NOSQL was born and gave up on lots of dogmas from the RDBMS side - only to learn later on, that live gets sometimes rather hard without consistency and atomic transactions. But at that time scalabilty was paramount.

And suddenly I had a problem with the bachelor DS course: None of those things were part of this course. This meant that those concepts had to be introduced in the master level class as you go along. But over the time I became more and more uncomfortable with this division between bachelor and master. Suddenly, much more DS theory was needed to understand the distributed operating system that Google and others built. Paxos was no longer of only theoretical interest. You absolutely need a tightly replicated cluster to keep everything up and running consistently. And I felt that the bachelors would get shortchanged by keeping the scalability technology in the master only. They would need all this in small and mid-sized companies soon, because the mesh-up principle of todays web-business forced SMBs into the scalability rat-race too.

The Current DS Lecture

I decided to radically chance the DS lecture and add much of the scalabilty technology there. This required a complete re-build of the lecture. What should happen to things like EJB? Mostly obsolete, but a great learning example on technology and paradigms. Where should all the new theory go? When consistency becomes eventual, message ordering becomes very important. To scale, different combinations of processing and I/O handling are needed, with an emphasis on asynchronous tasks. Queuing theory and monitoring become very important. And finally failure models turn out to be the real basis of DS. So the new DS lecture sets out to teach distributed operating systems and how you build them. In other words: how to build the basics of a cloud system. No longer were distributed applications the goal. Several problems came up: There was no handbook with all that technology. I had tried to create one, but gave up after roughly 400 pages because it was clear that I could not keep up with the new things being added constantly: CRDTs as an example for a new way to look at datastructures and how they perform in an unrealiable network context. So much technology was missing: NOSQL needs a good understanding of ACID and consistency levels. High-speed messaging needs an understanding of concurrent non-blocking software like in Aaron or the LMAX disruptor (as does e.g. Memcached). I chose to integrate some concepts from Peter Bailis in the lecture and pushed other things like non-blocking concurrent algorithms in my lecture on concurrency and parallelism . Living from papers, blogs and portals, I created a lecture with mostly the new technology and its theoretical foundations (CAP, replication, Paxos, Causal order, time in DS and so on). I wish I had Martin Kleppmann's book at that time...

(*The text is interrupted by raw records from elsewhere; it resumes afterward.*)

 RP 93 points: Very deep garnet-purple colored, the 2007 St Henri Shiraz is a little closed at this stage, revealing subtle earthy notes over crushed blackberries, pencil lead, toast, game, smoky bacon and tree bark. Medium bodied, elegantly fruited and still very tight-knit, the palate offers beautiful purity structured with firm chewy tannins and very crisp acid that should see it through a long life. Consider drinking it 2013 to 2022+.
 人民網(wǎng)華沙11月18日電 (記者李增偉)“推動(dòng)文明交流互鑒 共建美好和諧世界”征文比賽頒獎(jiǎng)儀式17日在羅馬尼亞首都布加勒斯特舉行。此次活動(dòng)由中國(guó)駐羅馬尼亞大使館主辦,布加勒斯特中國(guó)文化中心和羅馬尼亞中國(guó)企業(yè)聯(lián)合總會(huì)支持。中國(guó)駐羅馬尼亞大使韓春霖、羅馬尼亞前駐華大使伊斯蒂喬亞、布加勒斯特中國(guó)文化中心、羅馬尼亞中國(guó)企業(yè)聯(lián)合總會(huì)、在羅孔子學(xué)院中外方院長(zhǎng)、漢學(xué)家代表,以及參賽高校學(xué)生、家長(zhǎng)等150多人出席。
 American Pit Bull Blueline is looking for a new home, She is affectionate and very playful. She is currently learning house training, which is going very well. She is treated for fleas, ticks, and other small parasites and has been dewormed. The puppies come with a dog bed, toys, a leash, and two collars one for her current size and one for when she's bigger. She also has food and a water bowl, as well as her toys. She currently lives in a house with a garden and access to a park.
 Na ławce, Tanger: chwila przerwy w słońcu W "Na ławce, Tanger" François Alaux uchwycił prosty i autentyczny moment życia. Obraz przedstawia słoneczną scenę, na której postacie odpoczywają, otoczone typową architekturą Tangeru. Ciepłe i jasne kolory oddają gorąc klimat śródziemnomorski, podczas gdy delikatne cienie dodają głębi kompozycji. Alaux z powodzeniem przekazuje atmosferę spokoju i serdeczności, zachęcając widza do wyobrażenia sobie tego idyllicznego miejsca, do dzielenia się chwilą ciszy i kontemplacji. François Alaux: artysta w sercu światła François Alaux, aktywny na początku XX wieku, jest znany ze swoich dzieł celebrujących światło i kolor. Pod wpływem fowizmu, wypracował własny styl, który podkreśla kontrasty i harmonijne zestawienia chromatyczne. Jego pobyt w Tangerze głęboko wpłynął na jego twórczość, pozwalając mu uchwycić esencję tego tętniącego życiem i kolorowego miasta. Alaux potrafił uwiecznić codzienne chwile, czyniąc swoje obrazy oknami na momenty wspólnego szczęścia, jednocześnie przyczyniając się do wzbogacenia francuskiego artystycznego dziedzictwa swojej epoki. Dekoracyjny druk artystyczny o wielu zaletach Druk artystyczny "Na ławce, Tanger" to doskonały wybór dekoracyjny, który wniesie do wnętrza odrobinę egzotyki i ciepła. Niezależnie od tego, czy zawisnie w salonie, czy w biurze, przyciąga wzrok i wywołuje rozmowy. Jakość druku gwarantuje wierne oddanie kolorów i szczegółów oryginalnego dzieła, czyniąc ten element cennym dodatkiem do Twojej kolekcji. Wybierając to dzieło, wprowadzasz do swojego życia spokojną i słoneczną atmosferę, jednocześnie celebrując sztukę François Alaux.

There were no more exercises or projects in this lecture. At least not exercises where students install and run stuff. There is no time for this anymore with only four hours left in the bachelor. What I do instead is paper and pencil exercises to get a concept across. An Example: I found a nice game which tested the understanding of eventually consistent API requests by looking at what kind of quality is needed for e.g. the referee, the news-reporter, the stadium speaker and the fan. The students who get by with the "cheapest" API calls while still meeting the requirements win. I am now a firm believer in paper and pencil experiments and exercises and think that they get the concept across much better than running some containerized storage system and try a few puts and gets.

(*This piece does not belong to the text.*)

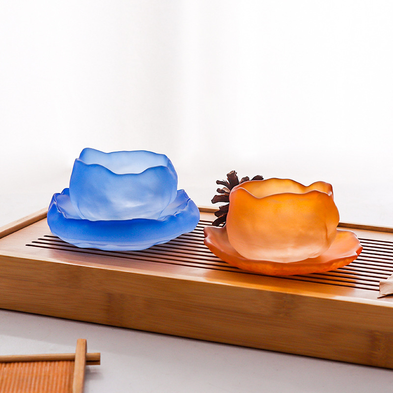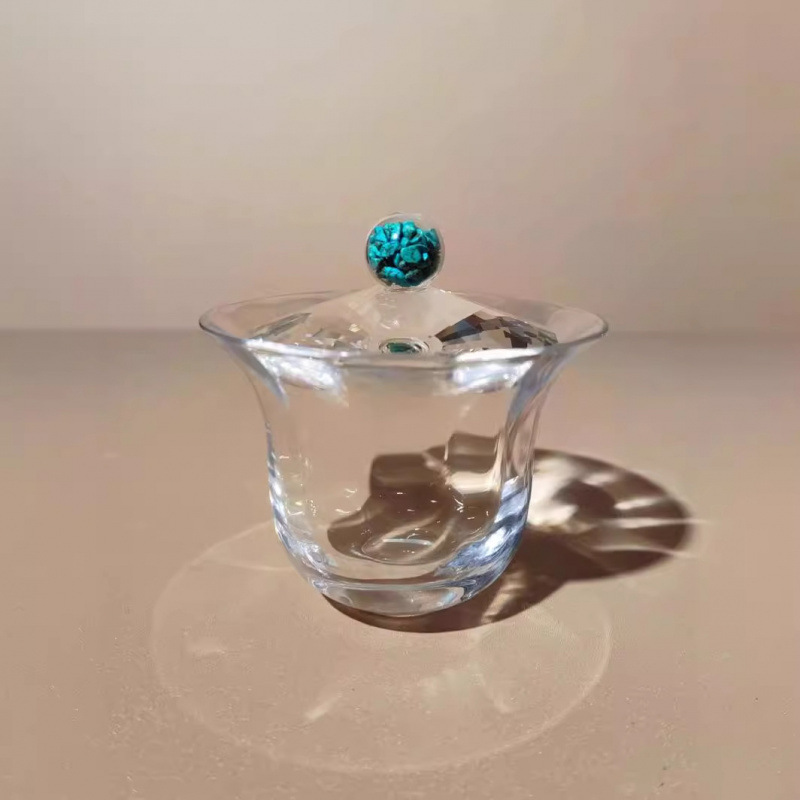 手作りクリスタルガラスバブルカバーボウルターコイズピンクダイヤモンド中国風ガラスティーボウルホームオフィスティーカップティーセット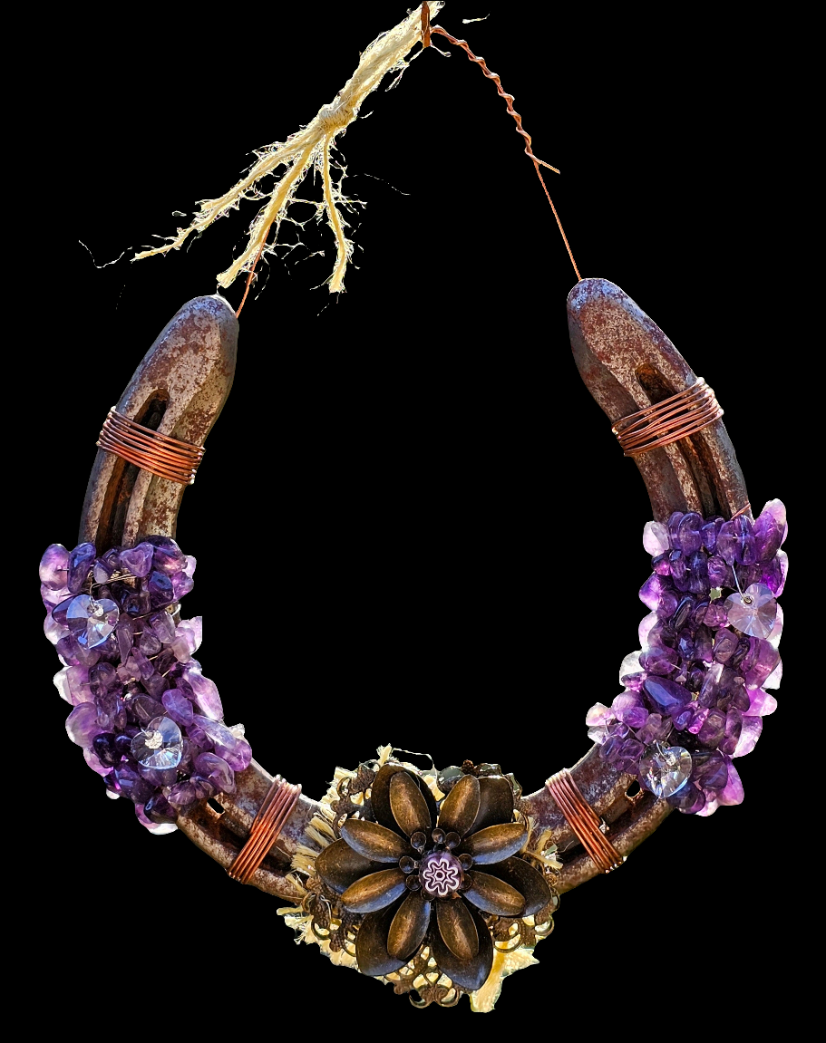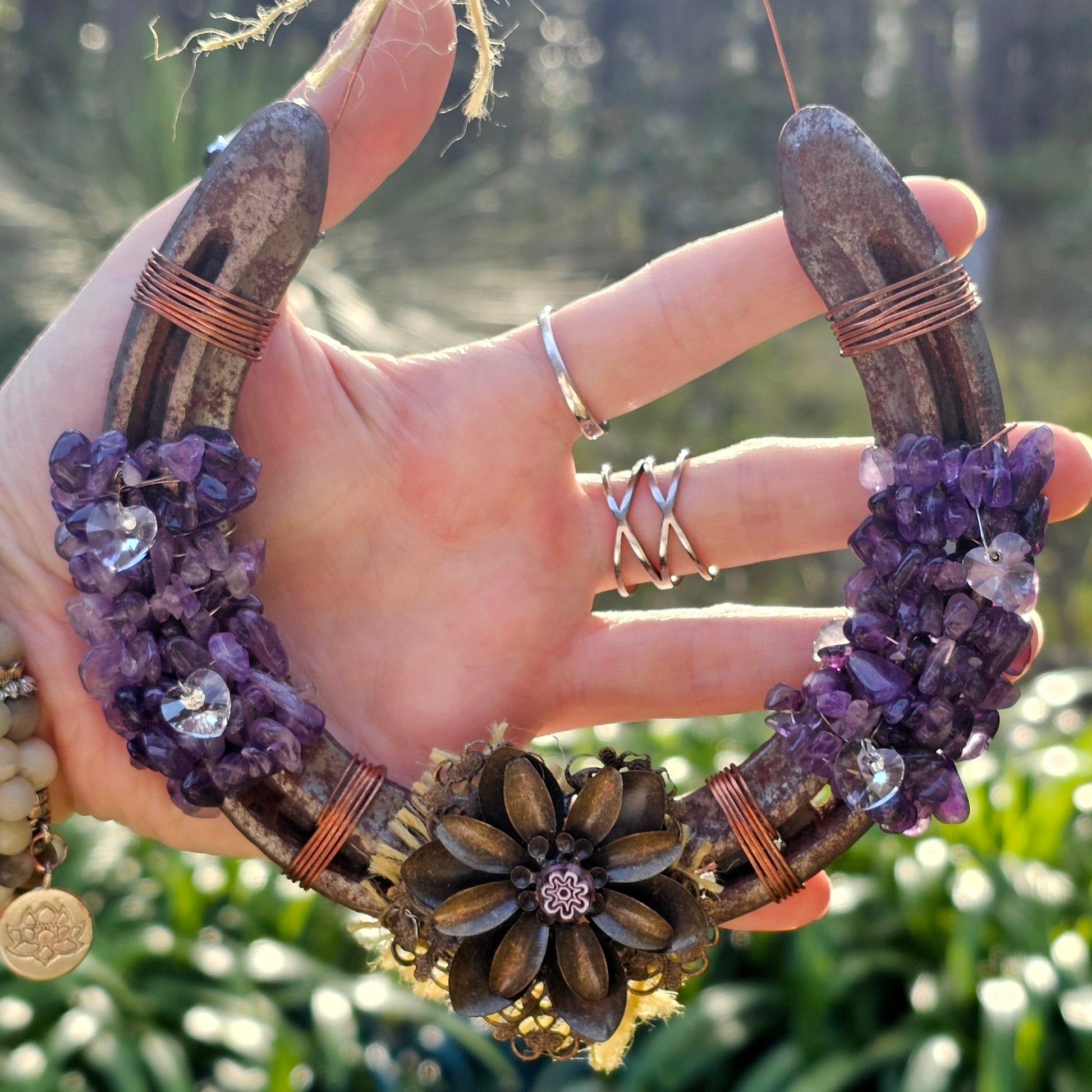 Infused with beauty, balance, and a touch of enchantment, Amethyst Heartspell is a one-of-a-kind horseshoe wall hanging that blends earthy texture with sparkling detail ✨️

Well, I noticed of course that this approach seems to run diametrically to other DS lectures. Cindy Sridharan (&copyconstruct) posted this observation.. After doing some innovation projects on containers, there were two things to learn: First, doing research on container technology is very cumbersome and takes resources a university typically does not have. Companies like Docker can raise much more funds to do this. And second, using containers to pre-pack DS tools and services and let students run those in exercises does zero for their understanding of distributed systems. In other words: containers, rump-kernels etc. are important, fast changing and stuff for DevOps courses.

Is this now a dry, frontal lecture? I don't think so. It is certainly quite demanding because there is so much technology covered. The theory behind is kept at a necessary minimum but still, understanding consensus algorithms is not easy. The lecture is very interactive and lots of discussions happen. Many times, solutions are developed on the whiteboard step by step and with everybody involved. This is e.g. true for the concept of RPC, where we develop the software to call a c-function on a different host right at the white-board. So really no more exercises? In fact, the exercises have been pushed into other classes, e.g. on programming for the cloud or on systems engineering and management in the master level. The clear split serves both types of courses much better.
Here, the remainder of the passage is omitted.